KOMIK INDONESIA

Dari Kisah Wayang hingga Jago Tembak

Geliat komik di Indonesia tidak lepas dari antusiame masyarakat yang semakin mencintai gaya penyampaian para komikus. Baik dari bentuk visual hingga percakapan, sangat sesuai dengan kondisi masyarakat pada masa tersebut. Salah satu komik yang diterima baik oleh masyarakat adalah karya R.A Kosasih. Pria berdarah Sunda kelahiran Bogor, 4 April 1919 ini sukses dengan komiknya bertema pewayangan Mahabarata dan Ramayana sehingga ia, dari 1955 sampai 1960, tidak pernah berhenti membuat puluhan jilid komik untuk memuaskan pembacanya. Kosasih memerlukan waktu dua tahun untuk menggambar 26 jilid Mahabharata. Dia menyelesaikan satu jilid setebal 42 halaman setiap bulannya, kemudian lakon Bharatayudha, Pendawa Seda, Parikesit, dan Udayana, masing-masing 4 jilid.
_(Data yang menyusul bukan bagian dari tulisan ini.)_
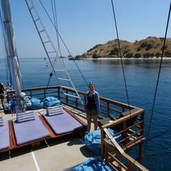 Am 06.09. sind wir also morgens auf das "Liveaboard" gegangen. Pünktlich um 7:30 Uhr saßen wir, typisch deutsch, im Tauchshop, um auf erste Anweisungen und die Kennenlern-Runde mit den anderen Teilnehmern zu warten. Doch leider ließen 2 Franzosen auf sich warten - allein am Zeitpunkt des Eintreffens wurden vorläufig Nationalitäten zugeordnet und später in der Kennenlern-Runde aufgedeckt, welche aus Name, Herkunftsland und bester Tauchgang bestand. Ihr seht schon, das Tauchen sollte ganz im Mittelpunkt der nächsten 3 Tage stehen. Man, wie hatte ich darauf gewartet! Schon 2 Tage lag der Komodo-Nationalpark direkt vor unserer Haustür und bis auf einen Schnorchelgang hatte ich noch nicht ansatzweise genügend Salzwasser inhaliert!

Ketika popularitas komik wayang menurun, Kosasih beralih membuat komik legenda seperti Lutung Kasarung, Sangkuriang, dan dongeng untuk anak-anak. Pada 1967-1968, penerbit Melodi sementara berhenti menerbitkan komik. Kosasih pun menerbitkan komik silat di penerbit Lokadjaja, Jakarta. Penerbit Melodi kembali ingin menerbitkan komik wayang. Kosasih diminta bantuannya karena dia satu-satunya komikus yang paling mampu mentransformasikan mitologi itu ke komik. “Penerbit dengan tidak ragu-ragu membayarnya Rp80.000 untuk dua jilid Bomantara (masing-masing 80 halaman), komiknya yang terbaru. Komik Kosasih dianggap sebagai karya klasik yang dicetak ulang berkali-kali.